Oh I realize that, which is why I'm so puzzled why it was broken. It's
probably THE most common laptop setup.

> So the fact that this got reported after I merged this shows a
> complete lack of testing.

Mike reviewed AND tested the whole thing, so you are wrong. I see he's
also responded with that. Why we had this fallout is as-of yet not
known, but we'll certainly figure it out.

> It also makes me suspect that you do all your performance-testing on
> something that may show great performance, but isn't perhaps the best
> thing to actually use.

I do that on things that I use, and what's being used in production.
This includes obvious the block core and bits that use it, and on the
storage front mostly nvme these days. I tested dm scalability and
performance with Mike some months ago, and md is a regular thing too. In
fact some of the little tweaks in this current series benefit the distro
configurations quite a bit, which is obviously what customers/users tend
to run. It's all being worked up through the stack.

crypt is fine and all for laptop usage, but I haven't otherwise seen it
used.

> May I suggest you start looking at encrypted volumes, and do your
> performance work on those for a while?
> 
> Yes, it will suck to see the crypto overhead, but hey, it's also real
> life for real loads, so...

Honestly, my knee jerk reaction was "pfft I don't think so" as it's not
an interesting use case to me. I'd be very surprised if it wasn't all
lower hanging DM related fruits here, and maybe it's things like a
single decrypt/encrypt pipeline. Maybe that's out of necessity, maybe
it's an implementation detail that could get fixed.

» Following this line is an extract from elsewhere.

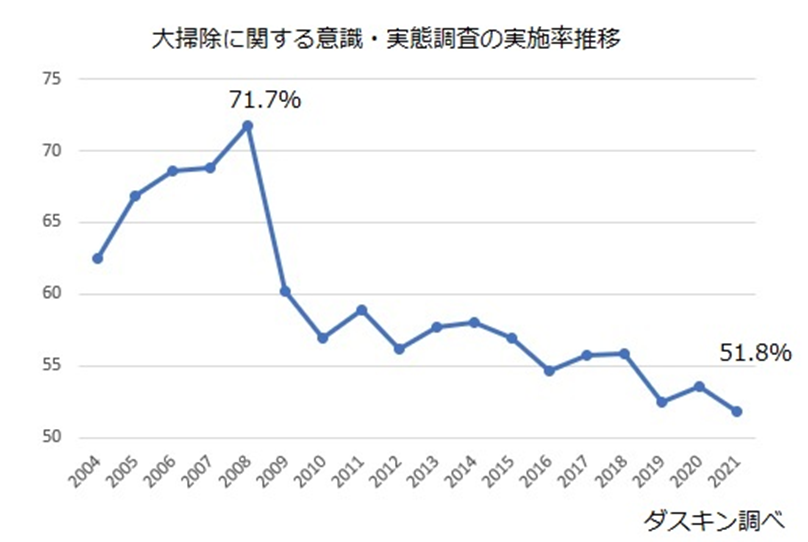 ハウスクリーニング大手のダスキンが2004年末から毎年実施している「大掃除に関する意識・実態調査」によると、大掃除の実施率は下がり続けており、2022年に発表された第18回調査(2021年末実施、対象:20歳以上の男女4,160人)では、実施率は51.8%と調査開始以来の最低を記録したそうです。
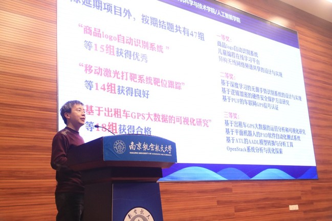 会上,孙涵首先从立项情况、参与学生情况、结题情况和成果情况等四个方面对第七期科创基金项目进行了总结。第七期科创基金项目共立项87项,研究方向涵盖面广,包括网络系统、算法研究、数据挖掘、模式识别、硬件安全等,其中也不乏实用性强、贴近生活的项目。随后,孙涵向同学们解读了第八期科创基金管理办法。新的管理办法加大了对创新创业类项目的鼓励和扶持,进一步强化了过程控制,并对项目结项提出了更高的要求。通过对管理办法的修订,学院进一步完善了科创基金的管理制度,旨在进一步提高学生在高质量成果方面的产出。

That said, it certainly would be interesting to look at. But also
probably something that require rewriting it from scratch, probably as a
dm-crypt-v2 or something. Maybe? Pure handwaving.

What would make me do that is if I had to use it myself. Without that
motivation, there's not a lot of time leftover to throw at an area where
I suspect performance is perhaps Good Enough that people don't complain
about it, particularly because the use case is what it is.